Anacropora forbesi
- Conservation status: Vulnerable (IUCN 3.1)

Scientific classification
- Kingdom: Animalia
- Phylum: Cnidaria
- Subphylum: Anthozoa
- Class: Hexacorallia
- Order: Scleractinia
- Family: Acroporidae
- Genus: Anacropora
- Species: A. forbesi
- Binomial name: Anacropora forbesi Ridley, 1884
- Synonyms: Anacropora erecta Bernard, 1897; Anacropora firma Nemenzo & Ferraris, 1982; Anacropora gracilis Quelch, 1886; Anacropora reptans Bernard, 1897; Anacropora solida Quelch, 1886;

= Anacropora forbesi =

- Authority: Ridley, 1884
- Conservation status: VU
- Synonyms: Anacropora erecta Bernard, 1897, Anacropora firma Nemenzo & Ferraris, 1982, Anacropora gracilis Quelch, 1886, Anacropora reptans Bernard, 1897, Anacropora solida Quelch, 1886

Species of coral

Anacropora forbesi is a species of briar coral that can be found in the tropical western and central Indo-Pacific region.
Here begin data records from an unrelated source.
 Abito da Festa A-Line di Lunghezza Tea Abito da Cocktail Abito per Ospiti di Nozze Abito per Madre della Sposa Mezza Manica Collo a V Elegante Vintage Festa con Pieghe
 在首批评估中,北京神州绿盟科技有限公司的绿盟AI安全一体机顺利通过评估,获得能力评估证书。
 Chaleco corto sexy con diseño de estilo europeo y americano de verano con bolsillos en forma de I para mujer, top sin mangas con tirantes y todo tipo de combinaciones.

It is the type species of the genus Anacropora.

==Description==
Anacropora forbesi is a small coral, branching dichotomously, with slender branches up to 10 mm in diameter, slightly tapered and with blunt tips. The coenosteum (the stony skeleton of the coral) is smooth and the lower lips of the corallites (the stony cups in which the polyps sit) project slightly. This coral is usually a light brown colour with pale tips to the branches. It is closely related to Acropora and Montipora corals, but differs from them in not having a terminal axial corallite at the tip of the branches.
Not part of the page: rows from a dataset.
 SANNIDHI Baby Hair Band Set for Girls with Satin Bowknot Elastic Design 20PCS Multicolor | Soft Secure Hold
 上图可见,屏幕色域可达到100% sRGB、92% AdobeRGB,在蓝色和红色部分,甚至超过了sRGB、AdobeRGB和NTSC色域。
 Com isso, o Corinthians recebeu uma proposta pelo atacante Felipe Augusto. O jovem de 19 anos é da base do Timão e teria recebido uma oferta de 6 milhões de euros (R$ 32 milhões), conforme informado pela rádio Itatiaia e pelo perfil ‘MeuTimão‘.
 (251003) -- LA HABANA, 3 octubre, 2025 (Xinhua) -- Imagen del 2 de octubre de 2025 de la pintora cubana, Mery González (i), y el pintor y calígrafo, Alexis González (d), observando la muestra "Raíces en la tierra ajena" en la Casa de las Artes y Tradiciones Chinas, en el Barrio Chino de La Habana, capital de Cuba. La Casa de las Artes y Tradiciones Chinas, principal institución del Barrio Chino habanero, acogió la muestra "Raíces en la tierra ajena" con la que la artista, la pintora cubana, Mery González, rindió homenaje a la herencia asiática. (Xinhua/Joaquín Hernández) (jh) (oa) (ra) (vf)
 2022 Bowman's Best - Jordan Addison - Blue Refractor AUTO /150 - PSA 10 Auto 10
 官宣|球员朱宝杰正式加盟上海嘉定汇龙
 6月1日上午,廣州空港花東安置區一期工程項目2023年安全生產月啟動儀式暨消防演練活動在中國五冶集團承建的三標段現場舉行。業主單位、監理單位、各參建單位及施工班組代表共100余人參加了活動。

==Distribution and habitat==
Anacropora forbesi is native to the western and central Indo-Pacific. Its range extends from Madagascar, the east coast of Africa and the Red Sea to the northeastern Indian Ocean, Australia, Malaysia, Indonesia, Japan, the Philippines and the East China Sea. It also occurs in Palau and Micronesia. It grows on shallow water reefs, often in turbid waters, and in deeper areas between reefs on soft substrates. It sometimes inhabits exposed reef slopes. It occurs at depths down to about 25 m. This is a vigorous fast-growing coral which can form lawn-like patches on the reef to the exclusion of other species.

==Status==
This coral has a very wide range and is a common species. However, the genus is particularly prone to storm damage and coral bleaching, and all corals are threatened by reef degradation, climate change and ocean acidification. The International Union for Conservation of Nature has assessed its conservation status as being of least concern, while recommending further evaluation to check its level of resilience.